Our doctors PA examined Sawyer first, he was in a great mood and it was nice to see her want to entertain him with her Id cards. The surgeon followed soon after. Her first words out of her mouth was what a little adorable red head in room 4 as she barely opened the door before someone in the hallway asked her something. She did a very brief visual and physical exam and confirmed the diagnosis. Surgery is mandatory. I handled it much better today. Because I went in knowing the outcome. This time I was able to ask a million and one questions and she patiently answered each and every one. And offered to sit down with us again if we had any between now and the surgery. It will be in the early May time frame. Before we can schedule the surgery we have to see a pediatric plastic surgeon. I’m going to start losing track of how many Dr.’s we are seeing. And even though we have health care we have to wait for the appointment to  be approved by our plan. {I’ll never understand American health care.} So that should be somewhere in a 2 week time frame. He will then make the call on whether we still need a CATscan or just go straight to surgery. At least we have confirmed there will be no need for an MRI anymore. Wonderful news to me! One less sedation and Hospital visit.

However we will be spending some time in a Hospital. The surgery will take place at one of the teaching hospitals in Las Vegas. 2 surgeons, 2 PA’s, an anesthesiologist, and at least one resident. {Just so you know in my head I’m picturing the cast of Grey’s anatomy when I think of surgery. I mean McDreamy and McSteamy would be doing this particular surgery. If only that were true!} At least I can still find humor in tough experiences. We will have one longest morning of my entire life while we wait for this little baby to be operated on. She told us to expect a 7:30am appointment time and hopefully be able to see him again post op at Noon. 4 1/2 hours. I don’t even know how I will pass 16200 seconds that each feel like their own hour.
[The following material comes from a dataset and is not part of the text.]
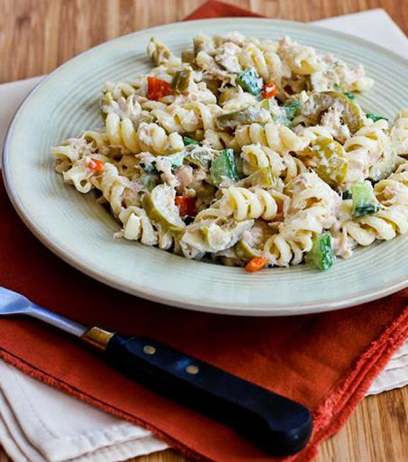 In a large bowl, combine pasta, tuna, garbanzo beans, sun-dried tomatoes, and scallions.
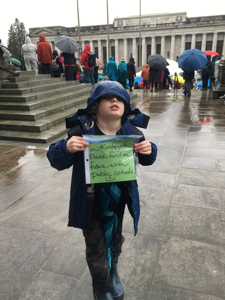 With coffee for the moms and donuts for the shorter people, Billie Jo gave them card stock to draw onto and stickers to add. After they finished, Jo and I wrote messages asking our legislators to fully fund their public education. They have a few years in front of them! Because we live in Western Washington, my friend also packed ziplock bags to keep our words and art dry.

I’m going to go into some detail about the surgery now, so be warned to skip this paragraph if your queasy. MOM JUST SKIP IT! Seriously. Ive talked to 2 women in Canada who have gone through the same surgery. However today we discovered its not at all the same surgery in a different country. They will begin by making a zig zag incision from ear to ear. They do this for hair growth to remain as normal as possible, as it will never grow again on the scar. Thus they are going to shave off all that beautiful red baby hair 🙁 Here’s where it gets graphic. {MOM STOP READING.} They will peel his entire scalp back to his eyebrows and neck. Now you see the need for the plastic surgeon. They will then take every piece of the skull apart, and re-piece it back together like a mismatched puzzle. They do this to reshape the head since craniosynostosis creates head shapes that are long and narrow.Which later in life can lead to simple problems like never having a helmet fit, so no bike riding or sports. Because they do this in surgery there will be no need for him to wear a helmet in recovery, which is a big distinction from the Canadian surgery. Although it is more intense, so we will likely have a longer recovery.
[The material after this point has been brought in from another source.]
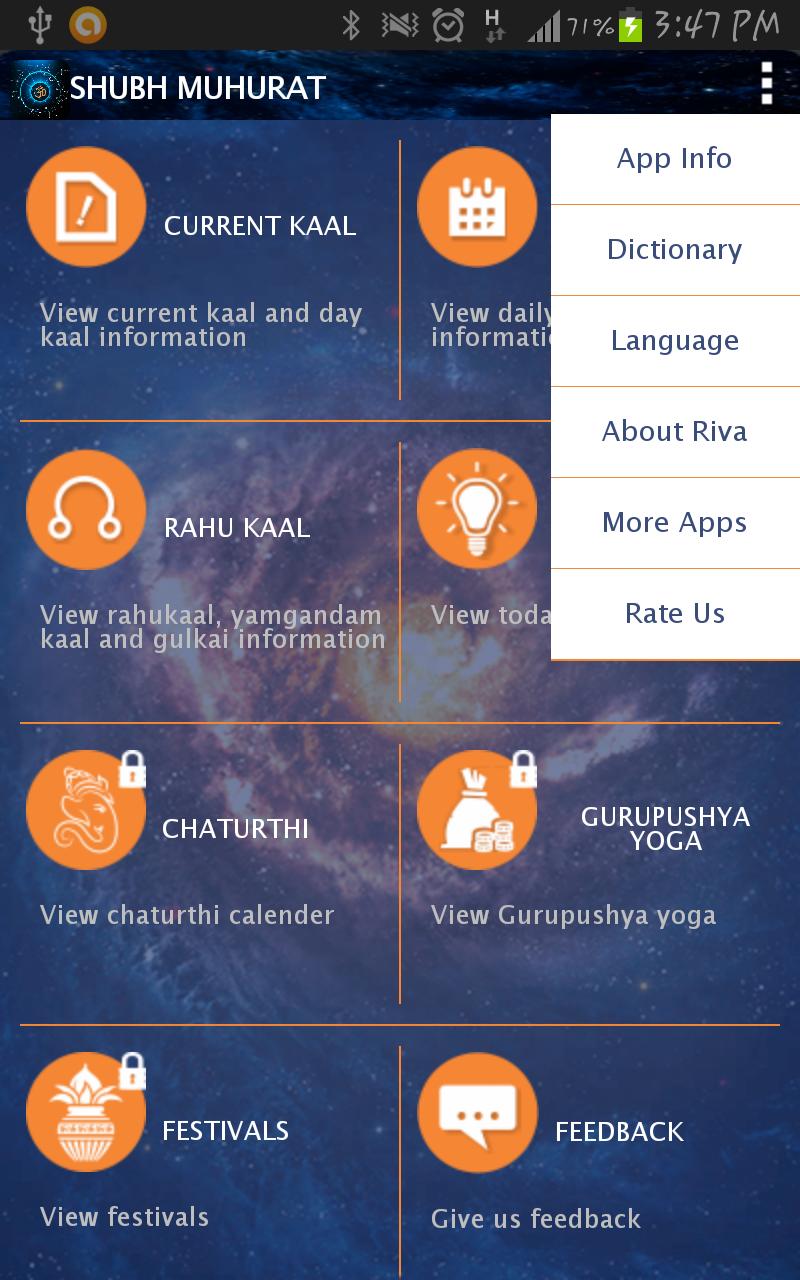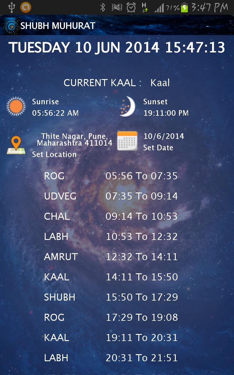 Shubh Muhurat é um aplicativo inteligente que detecta o local atual e o fuso horário do usuário para gerar automaticamente o choghadiya da sua localização em uma data selecionada.

We will spend a minimum of 4 days in the Hospital. They will also keep him sedated longer than the Canadian procedure. He will have a hard recovery. His face will swell and bruise. His eyes will be swollen shut for the first couple days. I thankfully have seen first hand pictures, so I know what we are heading into. It is perhaps why I am so calm right now. These days are nothing compared to what that week will be. And again I am aware that this is nothing in the long run compared to what some families are going through with younger babies and children. Much like the quote :”If we all threw our problems into a pile and saw everyone else’s, we’d grab ours back.” Its so true.

We are extremely lucky to have such a strong support system. Our family here has been very caring and we will be seeing both grandma’s in the next 2 weeks to give this little boy some love while we wait. Which will definitely help pass some time while waiting. And I truly appreciate all the loving messages, cards and tokens of Love. Tulips long distance from Canada, that brightened the day and reminded me of a man who always saw the sunshine in gloomy days. A care package still in route. And last weekend Sawyer received a special little surgeon bear from the family I used to work for. It came with a card from their little boy who was born the day after Sawyer. I cried through the simple well wished card that ended with “I am with you every step of the way Buddy, Love Jack” From those huge gestures to every little simple message that just said we’re here and we send love, Ive never experienced such a grateful emotion. I can’t describe how lucky I feel, that even though we will go through some crappy days ahead, he will be ok, and he is ever so loved. Thank you for loving our precious little life.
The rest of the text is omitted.